Until I was about six years old, I grew up in a tiny cul-de-sac in downtown Hamilton, about a stone’s throw away from the elementary school I went to. I say stone’s throw in the most literal sense; I revisited my childhood home earlier this month, and gauged the distance between myself and my former stomping ground. Maybe it’s because of how much I have grown, how long my arms have become, but I swear I felt like I could toss a pebble from the foot of my prior driveway and have it clank onto the metal of the school’s fence. That night, it took me about two minutes to walk from the school to my old home. It must have taken me about seven, then, when I was five. When Lolo was still around, he would walk me, every morning, to kindergarten, and every day after school I would see his face just barely sitting above the fence. I had a lot more pip in my step at that point. Minutes felt like hours, hours felt like days. Every morning, he would walk, and I’d sprint away, in front of him, albeit still a few meters away at all times, as if there was an invisible leash tethering the two of us. Every morning, it would feel like maybe this time, if I sprinted a little bit faster, Lolo would walk a little bit brisker, match my rhythm a little bit more. Every morning, I would sprint up, notice the quieting of his footsteps, and look back, and without fail I’d watch his slow, wrinkled frame setting the pace of our trip. Seven minutes. Hours to me then, only a fleeting moment to me now. Every morning, I would sprint forward, grandfather-bound, with a stern gaze Lolo would say to me, ‘Yes, yes. Just a little more. Just a little more.’ Words had become routine at this point, though til his last breath I don’t think he ever grew tired of my antics.

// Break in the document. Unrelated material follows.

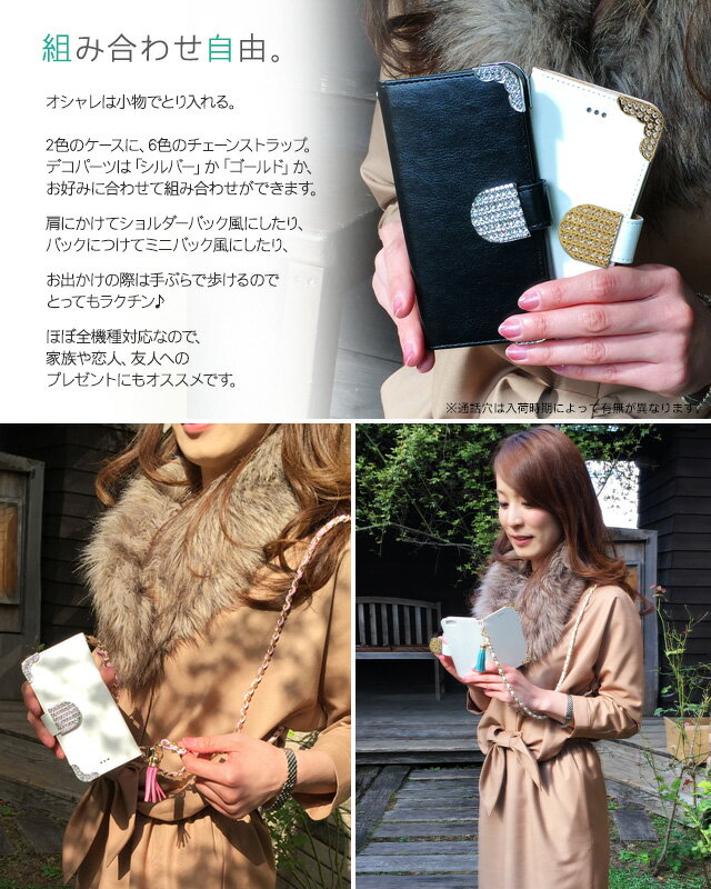 【メール便 送料無料】 スマホケース 手帳型 チェーンストラップ付き 全機種対応/手帳型デコケース 【 斜めがけ ショルダーバッグ 型 】 iPhoneX iPhone8 iPhone7 iPhone6s iPhone5s DIGNO SOV31 SO-03G SC-05G SH-04G F-04G SO-04G docomo au softbank Y!mobile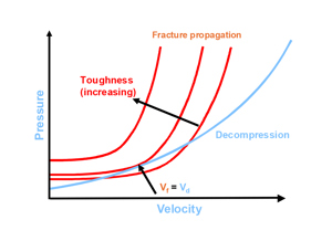 Figure 2 compares the decompression of the natural gas with the ductile fracture propagation velocity. If the crack propagates faster than the decompression, no fracture arrest occurs. In the case of faster decompression, the model predicts fracture arrest. The crack propagation velocity in turn depends on the resistance of the material to fracture propagation, which is described by the CVN impact strength.

If you’ve known me since my very first year of undergrad, you’ll know of my brief stint as a spoken word performer. Did you know that there’s a whole laundry list of rules, when it comes to slam poetry? The biggest one you will fall victim for at least once in your slam career is that of going a bit too long. Performing a poem that lasts over three minutes will give you a point deduction3. Nobody, not even your fellow competitors, likes seeing people lose arbitrary points over arbitrary rules within arbitrary tournaments. Whenever time penalties do arise, there’s a saying that everybody in the venue will recite in tandem after the deductions are announced: ‘Damn you, linear time. You’re ruining it for everybody, but it was well worth it!’
This morning, I re-read a short story I wrote for a creative writing class last year. From Those Who Loved You, Before I Could. Crazy cool title. Way too cool, for a piece that is completely unpublished. I haven’t touched it since I submitted it, but I went a little misty eyed when I re-read the first few lines:
When I was smaller than you are now, your Grandmother would keep track of time in terms of your Lolo. Last night was never last night; it would be when Lolo had left for work. Two days from now would never be a Monday, but instead it would be when she gets to see Lolo next. In our household, there were no clocks I could understand.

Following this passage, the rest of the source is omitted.